Chronic Wasting Disease in Animals

Key points

  • Chronic wasting disease (CWD) is a fatal disease in animals like deer, elk, moose, and reindeer.
  • CWD has spread to animals in 36 states in the continental United States since it was reported in the 1960s.
  • Symptoms in infected animals include drastic weight loss, stumbling, drooling, and listlessness.
  • There are no vaccines or treatments for CWD.
Two elk in a field in front of a mountain range.

How CWD spreads

Chronic wasting disease (CWD) is a type of prion disease that affects different species of animals with hooves, including deer, elk, moose, and reindeer. CWD does not appear to naturally infect cows, other livestock, or pets.

Prion proteins are normally found in the body. In rare cases, these proteins misfold, which causes serious symptoms in the animal or person affected and eventually leads to death. Scientists believe CWD prions spread between animals through body fluids like feces, saliva, blood, or urine. This can occur either through direct contact or indirectly through contamination of soil, food, or water.

As of August 2025, CWD has been reported in animals in at least 36 U.S. states and five Canadian provinces. It is also possible that CWD may occur in other states, but cases haven't been detected yet. Once CWD is established in an area, the CWD prions stay in soil and water for years. CDC expects the disease to continue to spread.

Nationwide, the overall rate of CWD in free-ranging deer and elk is low. However, in areas where CWD has been found for years or decades, infection rates may be much higher.

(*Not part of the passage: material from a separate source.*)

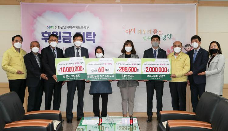 À̳¯ ±âŹ½Ä¿¡´Â µ¿±¤¾ç³óÇù ³ó°¡ÁֺθðÀÓ¿¡¼ CMS 60°èÁÂ, ±¤¾ç½Ã»ê¸²Á¶ÇÕ¿¡¼ 1õ¸¸ ¿ø, ±¤¾ç½Ã»õ¸¶À»±Ý°í¿¡¼ 2¹é¸¸ ¿ø, ÇØ¾Æ¾î¸°ÀÌÁý¿¡¼ 28¸¸ 5õ ¿øÀÇ ¼ÒÁßÇÑ ÈÄ¿ø±ÝÀ» Àü´ÞÇß´Ù.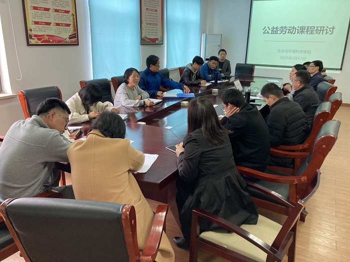 为进一步贯彻习近平新时代中国特色社会主义思想和全国教育大会精神,坚持立德树人,培养德智体美劳全面发展的社会主义建设者和接班人,不断提升本科人才培养质量,3月17日下午,生命与环境科学学院在该院三楼会议室召开《公益劳动》课程研讨会。会议由副院长潘健主持,学院党政领导以及本学期公益劳动课程指导教师参会。

The U.S. Department of Agriculture regulates deer and elk raised on farms for meat. The agency operates a voluntary national CWD herd certification program. In the program, states and herd owners agree to take actions to decrease the risk of CWD in their herds. Privately owned herds that are not in the program may be at increased risk for CWD.

Keep Reading Where CWD Occurs

Signs and symptoms

CWD can infect farmed and free-range deer and elk of all ages. It may take months to years before an infected animal shows symptoms, which may include:

  • Drastic weight loss (wasting)
  • Stumbling or lack of coordination
  • Drooling
  • Listlessness (appearing "out of it")
  • Excessive thirst or peeing
  • Drooping ears
  • Lack of fear of people

It is often difficult to diagnose an animal with CWD based on these symptoms alone. This is because many CWD symptoms also occur with other diseases and when animals aren't eating enough.

Research on CWD in animals

In external research labs, CWD has been shown to infect squirrel monkeys and mice that carry some human genes.

A study by Canadian and German scientists looked at whether CWD can be spread to macaques, a type of monkey. Macaques are genetically closer to people than any other animal that has been infected with CWD. A 2017 summary concluded that CWD spread to macaques that ate infected meat or brain tissue from CWD-infected deer and elk. This study contradicted a previous study that showed macaques were not infected with CWD by eating infected meat. It's not clear why the results were different.

To date, there is no strong evidence that CWD infects people, but these studies show that caution and additional research are warranted. Scientists are conducting studies to learn more about the potential risk to people who hunt or eat deer or elk meat, for example by determining if they are diagnosed with prion diseases more often than people who do not. Since it may take years to decades for symptoms to appear, we won't know the results for some time.